> [EXTRACTED RECORDS]
◆ ◆ ◆ ◆

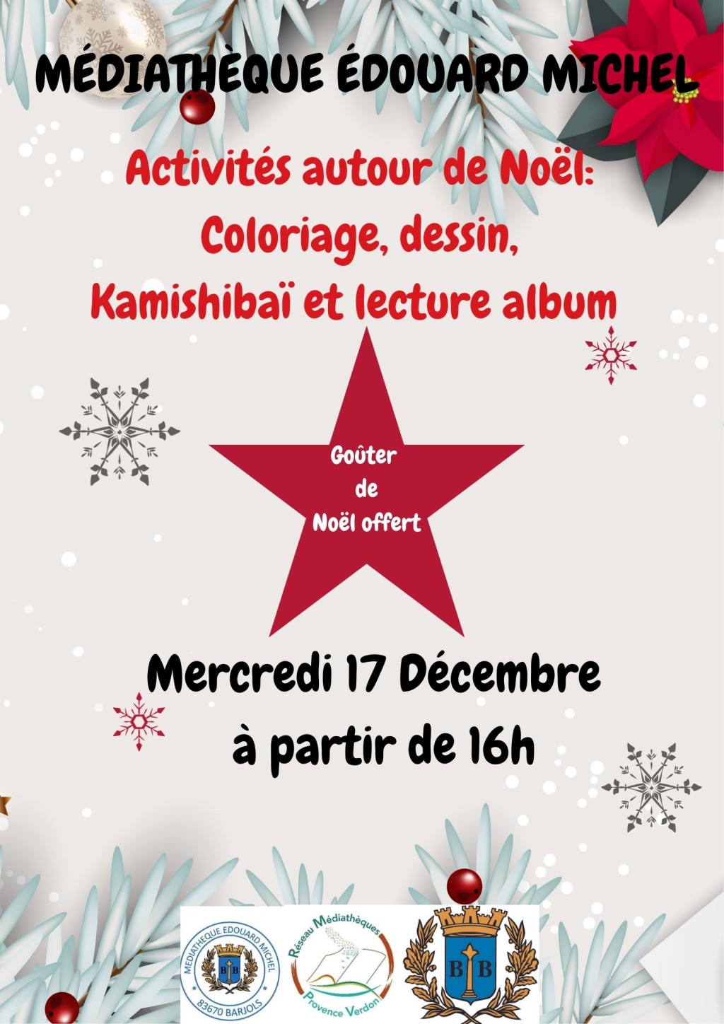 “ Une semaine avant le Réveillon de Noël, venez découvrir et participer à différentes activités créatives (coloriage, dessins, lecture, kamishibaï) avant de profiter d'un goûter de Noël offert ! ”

◆ ◆ ◆ ◆

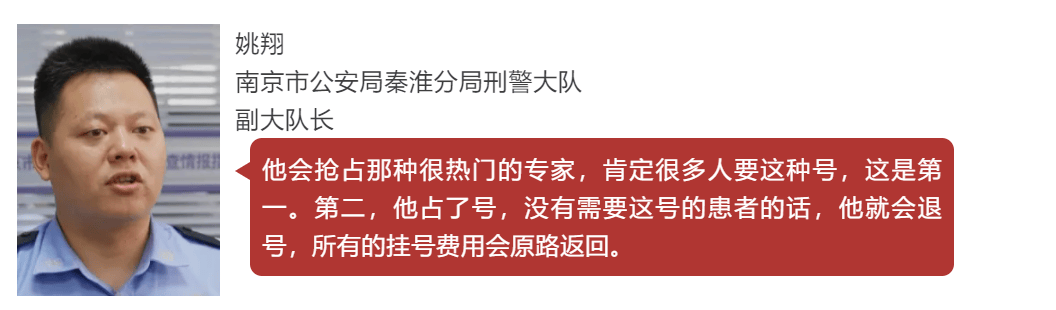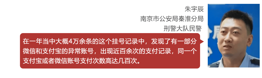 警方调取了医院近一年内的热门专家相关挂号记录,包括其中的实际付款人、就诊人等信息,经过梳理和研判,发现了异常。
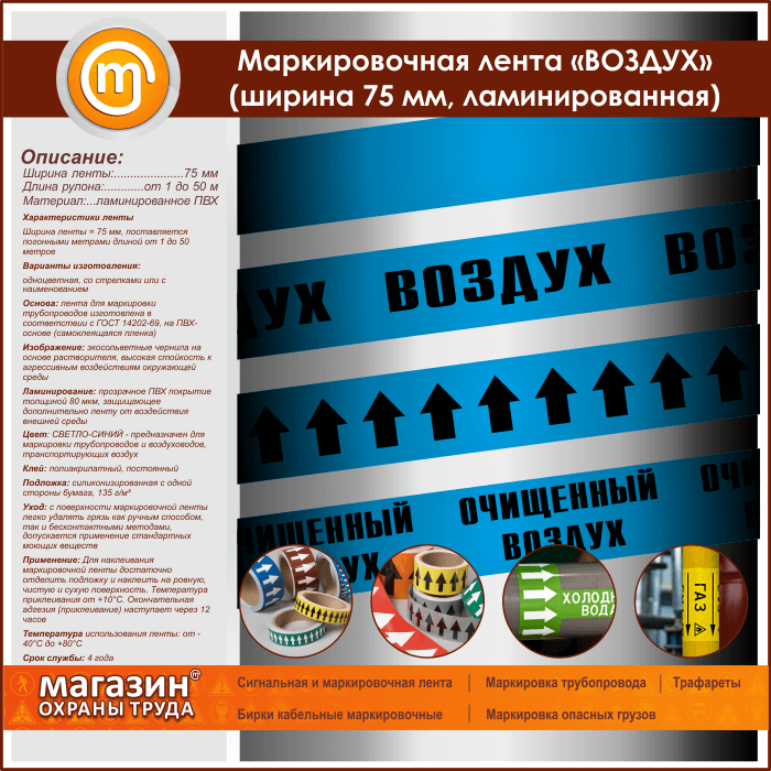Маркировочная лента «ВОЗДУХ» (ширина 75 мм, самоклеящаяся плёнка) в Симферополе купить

◆ ◆ ◆ ◆

In the listing above, find the line with "警方调取了医院近一年内的热门" and the line with "в Симферополе купить". Set down exactly those lines and everything between them, skipping pictures.

> [EXERCISE RESPONSE]
 警方调取了医院近一年内的热门专家相关挂号记录,包括其中的实际付款人、就诊人等信息,经过梳理和研判,发现了异常。
Маркировочная лента «ВОЗДУХ» (ширина 75 мм, самоклеящаяся плёнка) в Симферополе купить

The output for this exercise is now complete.